Turing Machine is a theoretical computer. As far as I know, an actual Turing Machine does not exist, only machines that are equivalent to it (in the mathematical sense). I guess it would be possible to build one, but it would be highly inefficient. It's called a Turing Machine after Alan Turing, who thought it up while doing cryptography work for Britain in WWII.

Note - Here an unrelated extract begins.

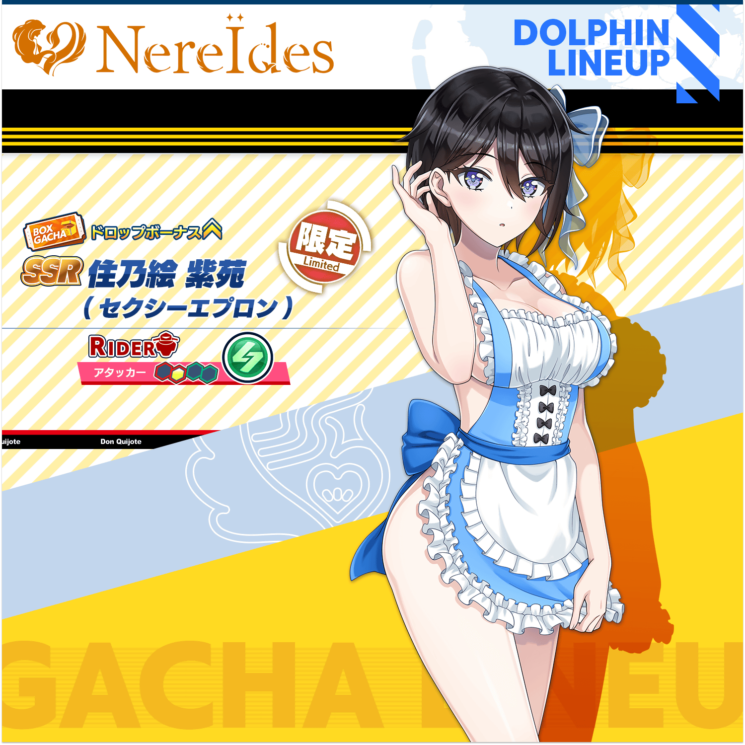 本次 PU 的新聯名海豚為 SSR 住乃繪紫苑(性感圍裙) 住乃絵紫苑(セクシーエプロン) 。※本卡池新衣裝為期間限定十連抽,第 10 抽必定為「住乃繪紫苑(性感圍裙)」,限使用購買的蒼洋石進行抽卡,限抽 1 次;獲得的「住乃繪紫苑(性感圍裙)」已經是 Lv.80、最大覺醒

The following should be sprinkled liberally with "IIRC"... it's been a while since I've looked at the specifics of Turing machines:
Basically, you have a set of "states", denoted by Q, and an "alphabet", denoted by a capital gamma. The alphabet has at least two "symbols", of which one is the "empty symbol", usually "0". The states are initialized to one of the symbols in the alphabet. A state "s" existing in Q is called the "start state", and a set of states F exists in Q denoting "final states". Finally, there is a function denoted by lowercase delta that maps actions to be taken with this Turing Machine. You start in s (the start state), and keep going until you get "stuck" in a state; if this state is a "final state", that's your answer, otherwise the answer is undefined. So, for example, you start in s, which holds the symbol "a". Delta maps s and "a" to 'change current state symbol to "b", move to state s3'. And you would keep going until you reach a point where you loop in a single state forever, or reach some condition, etc. It all depends on the specific definition you use.

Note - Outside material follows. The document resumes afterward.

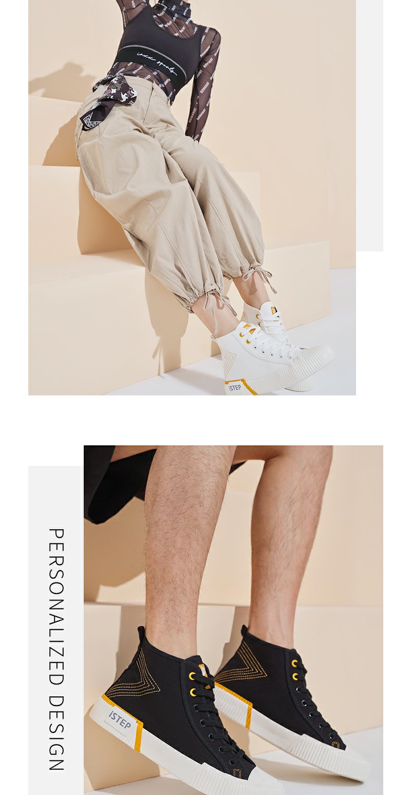 istep千里行2023新款解构高帮帆布鞋女情侣基础休闲鞋原创男板鞋

The point of the whole thing is that anything your computer can do, or any computer, a Turing Machine can do. A corollary is that what any one computer can do (compute), any other computer can as well. So, the first electronic computer, ENIAC, could have done exactly the same calculations as the world's fastest supercomputer now. The only difference is it would be a bit harder to tell ENIAC to do the same thing as the supercomputer, and ENIAC would be a lot slower. But the idea is, it is theoretically possible for that to happen.
So, Turing-equivalence basically means that you can translate any program into pure mathematics, and vice versa, and thus any way of programming can accomplish exactly the same thing as any other way of programming. However, hardly anyone is insane enough to do the translation that way. It's like doing mathematics entirely within the space of Russel's conversion of arithmetic to logic, where proving that
2 + 2 = 4 takes 21969 steps, including all the subtheorems, etc. used to get there.